***** RECORD EXTRACTS

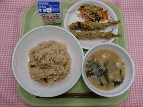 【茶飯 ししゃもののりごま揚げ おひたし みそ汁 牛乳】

**********
***** RECORD EXTRACTS

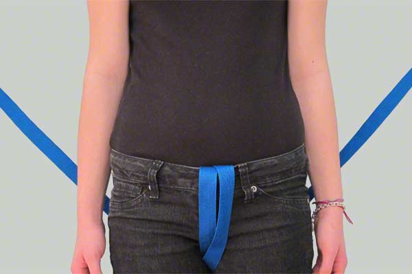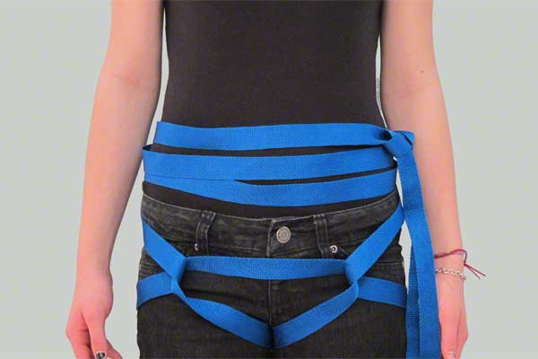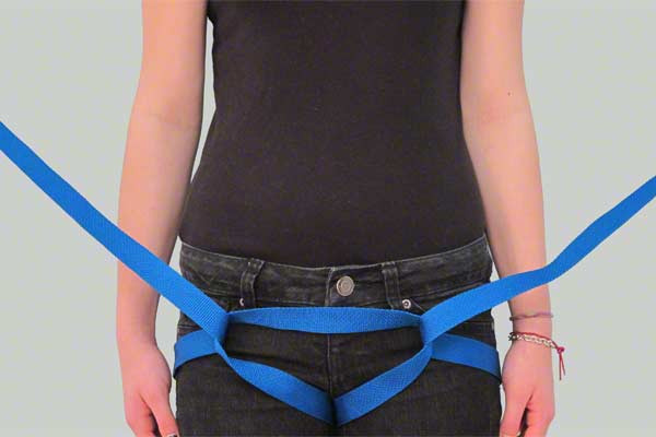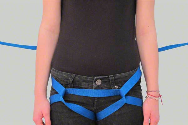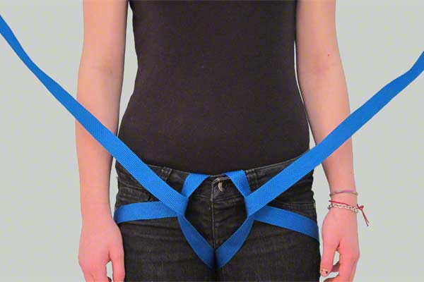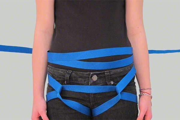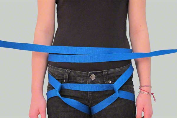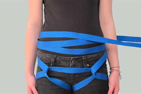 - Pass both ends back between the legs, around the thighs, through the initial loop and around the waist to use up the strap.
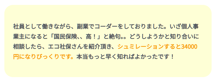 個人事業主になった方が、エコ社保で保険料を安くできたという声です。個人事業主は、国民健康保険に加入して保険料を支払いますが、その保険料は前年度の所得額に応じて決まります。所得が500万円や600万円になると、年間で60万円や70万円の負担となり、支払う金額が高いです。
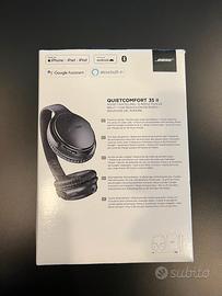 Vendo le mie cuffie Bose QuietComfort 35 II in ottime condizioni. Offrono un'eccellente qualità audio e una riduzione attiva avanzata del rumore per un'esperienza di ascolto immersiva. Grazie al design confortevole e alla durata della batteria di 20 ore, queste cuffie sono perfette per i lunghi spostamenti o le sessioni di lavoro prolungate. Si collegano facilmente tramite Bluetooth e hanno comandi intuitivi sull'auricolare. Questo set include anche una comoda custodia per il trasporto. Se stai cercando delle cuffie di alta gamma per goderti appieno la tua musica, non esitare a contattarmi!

**********
***** RECORD EXTRACTS

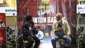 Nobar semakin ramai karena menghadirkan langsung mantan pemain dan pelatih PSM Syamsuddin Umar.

**********

Reproduce the entries exactly, from the line with "- Pass both" to the line with "個人事業主になった方が、エコ", both lines included, keeping no pictures.

 - Pass both ends back between the legs, around the thighs, through the initial loop and around the waist to use up the strap.
 個人事業主になった方が、エコ社保で保険料を安くできたという声です。個人事業主は、国民健康保険に加入して保険料を支払いますが、その保険料は前年度の所得額に応じて決まります。所得が500万円や600万円になると、年間で60万円や70万円の負担となり、支払う金額が高いです。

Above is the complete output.